Task goal >> Go to the line containing "Diófa borítással, íves" in the material below. From there to the end, retype every line exactly and drop the pictures.

Supplied material >>

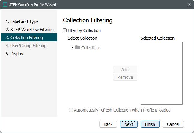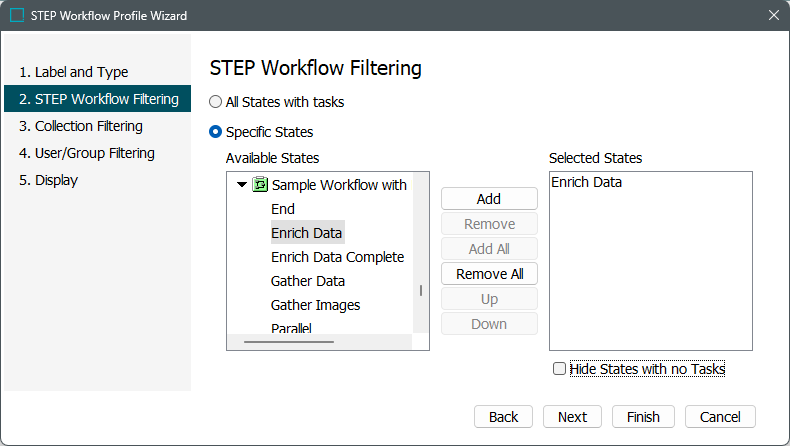 For STEP Workflow Filtering, determine the workflows or workflow states (within one or multiple workflows) that the profile should contain as defined below.
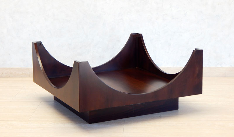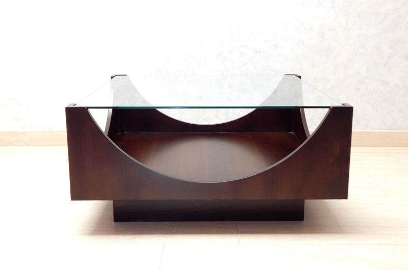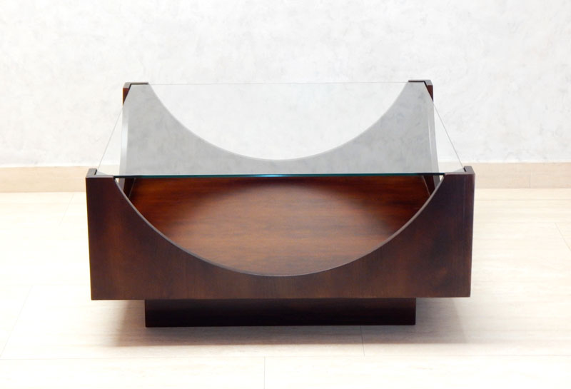 Diófa borítással, íves diófa kávával, alul tárolóval, a tető 8 mm es csiszolt üveglappal.
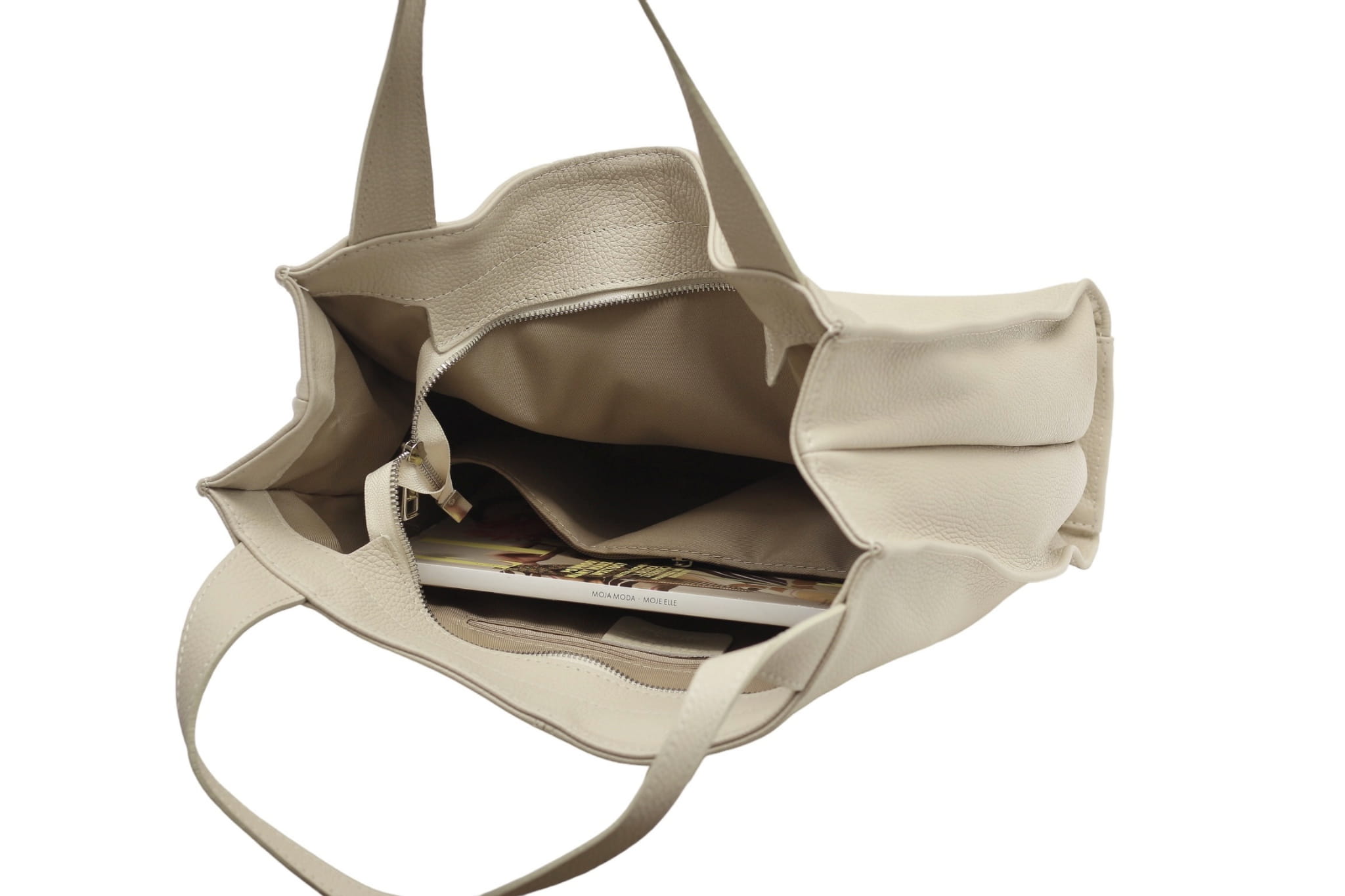 Torebka Damska Shopper, skóra naturalna Elif Ecru

Result >>
 Diófa borítással, íves diófa kávával, alul tárolóval, a tető 8 mm es csiszolt üveglappal.
 Torebka Damska Shopper, skóra naturalna Elif Ecru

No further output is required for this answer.